-- Opening Marker --

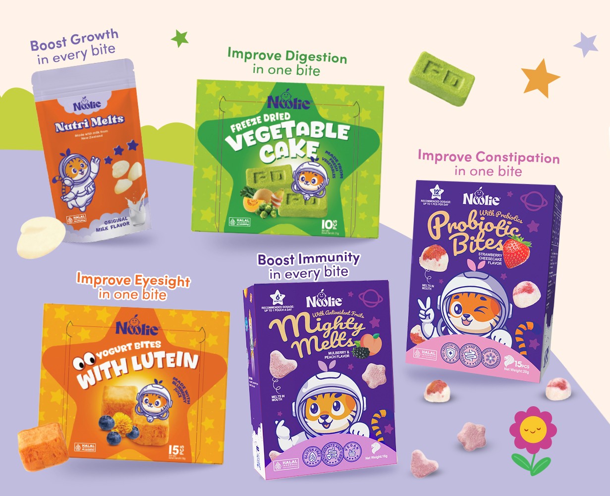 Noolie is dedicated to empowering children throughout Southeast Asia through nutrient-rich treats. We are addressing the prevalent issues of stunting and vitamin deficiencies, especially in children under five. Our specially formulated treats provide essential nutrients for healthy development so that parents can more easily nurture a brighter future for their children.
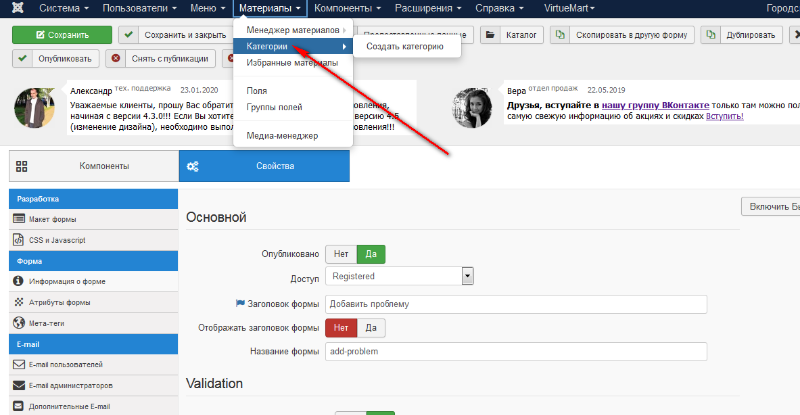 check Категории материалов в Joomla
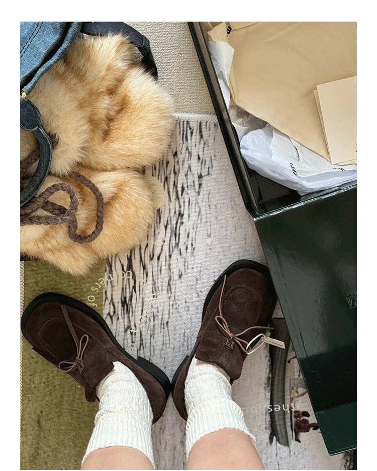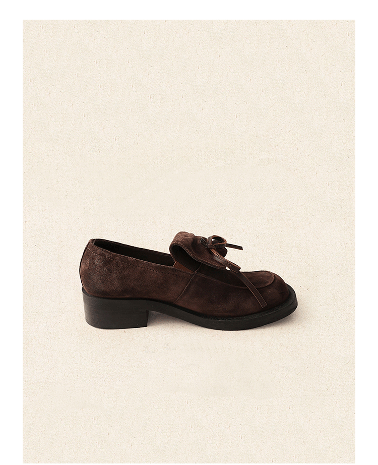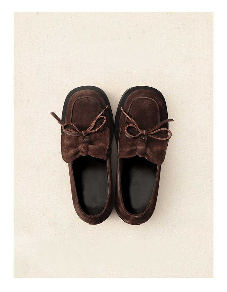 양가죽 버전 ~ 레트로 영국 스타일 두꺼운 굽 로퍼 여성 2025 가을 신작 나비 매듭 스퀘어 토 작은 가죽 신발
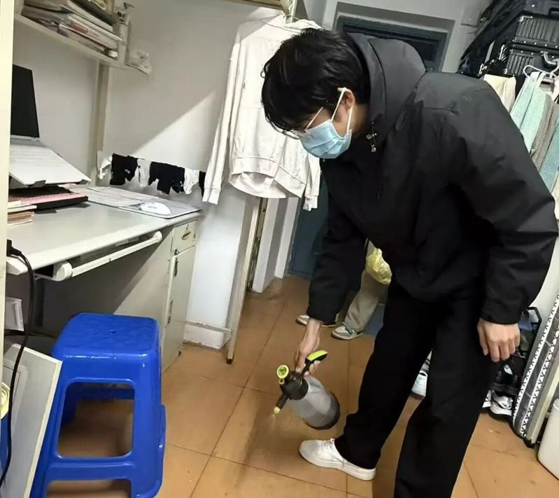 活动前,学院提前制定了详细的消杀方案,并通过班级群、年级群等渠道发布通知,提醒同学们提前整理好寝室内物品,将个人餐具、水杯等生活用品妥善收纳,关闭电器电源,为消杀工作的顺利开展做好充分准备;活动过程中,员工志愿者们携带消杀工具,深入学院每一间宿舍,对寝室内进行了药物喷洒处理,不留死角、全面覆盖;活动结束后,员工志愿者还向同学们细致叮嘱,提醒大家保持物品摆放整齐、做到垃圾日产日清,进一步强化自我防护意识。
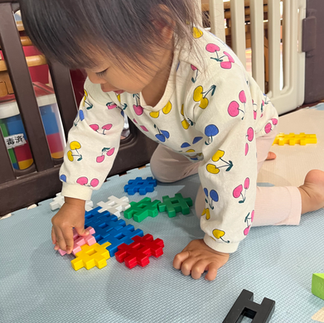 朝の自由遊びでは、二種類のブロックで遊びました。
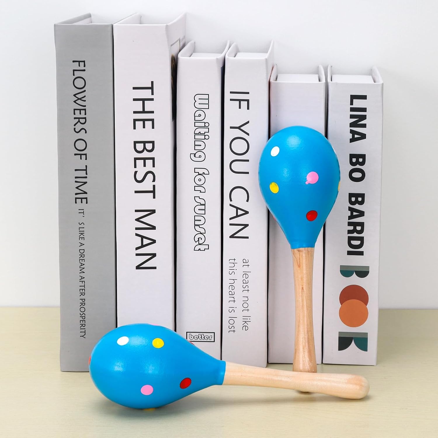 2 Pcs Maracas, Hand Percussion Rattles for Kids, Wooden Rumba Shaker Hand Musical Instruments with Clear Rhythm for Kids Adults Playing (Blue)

-- Closing Marker --
-- Opening Marker --

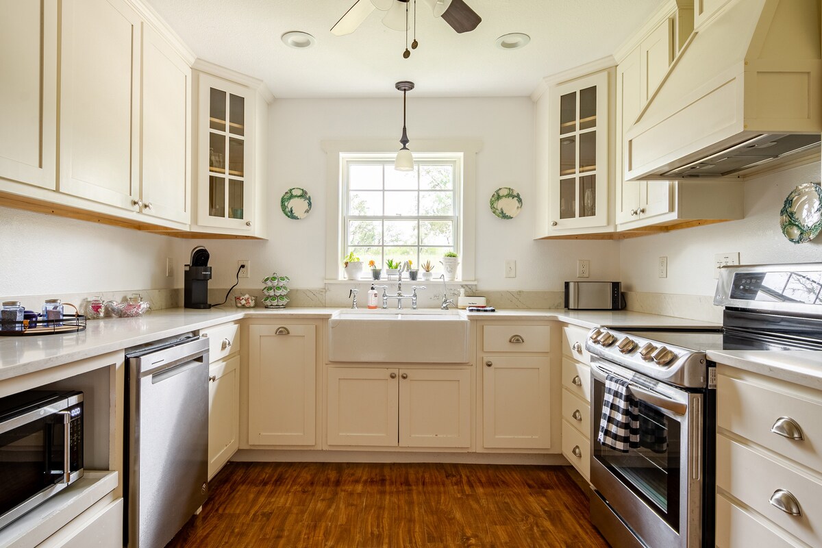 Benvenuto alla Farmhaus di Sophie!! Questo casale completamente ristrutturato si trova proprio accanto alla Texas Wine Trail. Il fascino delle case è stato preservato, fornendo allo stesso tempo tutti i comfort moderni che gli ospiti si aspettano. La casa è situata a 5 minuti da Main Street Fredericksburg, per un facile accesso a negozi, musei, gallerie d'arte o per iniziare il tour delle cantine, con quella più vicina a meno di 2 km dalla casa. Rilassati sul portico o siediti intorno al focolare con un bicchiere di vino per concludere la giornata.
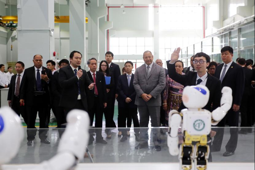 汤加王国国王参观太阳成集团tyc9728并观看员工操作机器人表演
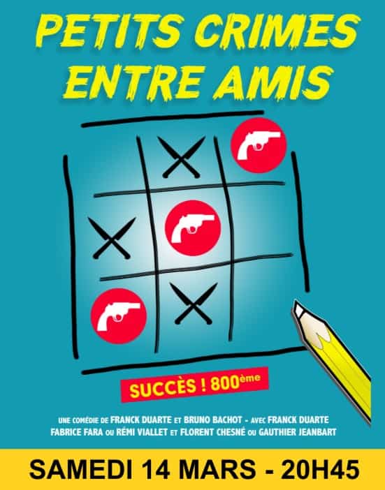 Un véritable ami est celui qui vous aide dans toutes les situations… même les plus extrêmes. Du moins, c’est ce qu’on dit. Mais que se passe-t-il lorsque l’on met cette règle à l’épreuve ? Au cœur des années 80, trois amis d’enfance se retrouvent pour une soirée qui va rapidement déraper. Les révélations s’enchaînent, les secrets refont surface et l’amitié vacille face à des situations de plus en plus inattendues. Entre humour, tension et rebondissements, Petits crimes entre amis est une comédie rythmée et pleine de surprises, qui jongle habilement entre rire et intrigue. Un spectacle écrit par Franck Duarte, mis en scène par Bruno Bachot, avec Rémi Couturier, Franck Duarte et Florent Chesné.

-- Closing Marker --

| Aim of the task |
Exercise for the records above: copy only the lines from the one with "Noolie is dedicated" to the one with "2 Pcs Maracas, Hand", both ends kept, and drop the pictures.

| Response for this exercise |
 Noolie is dedicated to empowering children throughout Southeast Asia through nutrient-rich treats. We are addressing the prevalent issues of stunting and vitamin deficiencies, especially in children under five. Our specially formulated treats provide essential nutrients for healthy development so that parents can more easily nurture a brighter future for their children.
 check Категории материалов в Joomla
 양가죽 버전 ~ 레트로 영국 스타일 두꺼운 굽 로퍼 여성 2025 가을 신작 나비 매듭 스퀘어 토 작은 가죽 신발
 活动前,学院提前制定了详细的消杀方案,并通过班级群、年级群等渠道发布通知,提醒同学们提前整理好寝室内物品,将个人餐具、水杯等生活用品妥善收纳,关闭电器电源,为消杀工作的顺利开展做好充分准备;活动过程中,员工志愿者们携带消杀工具,深入学院每一间宿舍,对寝室内进行了药物喷洒处理,不留死角、全面覆盖;活动结束后,员工志愿者还向同学们细致叮嘱,提醒大家保持物品摆放整齐、做到垃圾日产日清,进一步强化自我防护意识。
 朝の自由遊びでは、二種類のブロックで遊びました。
 2 Pcs Maracas, Hand Percussion Rattles for Kids, Wooden Rumba Shaker Hand Musical Instruments with Clear Rhythm for Kids Adults Playing (Blue)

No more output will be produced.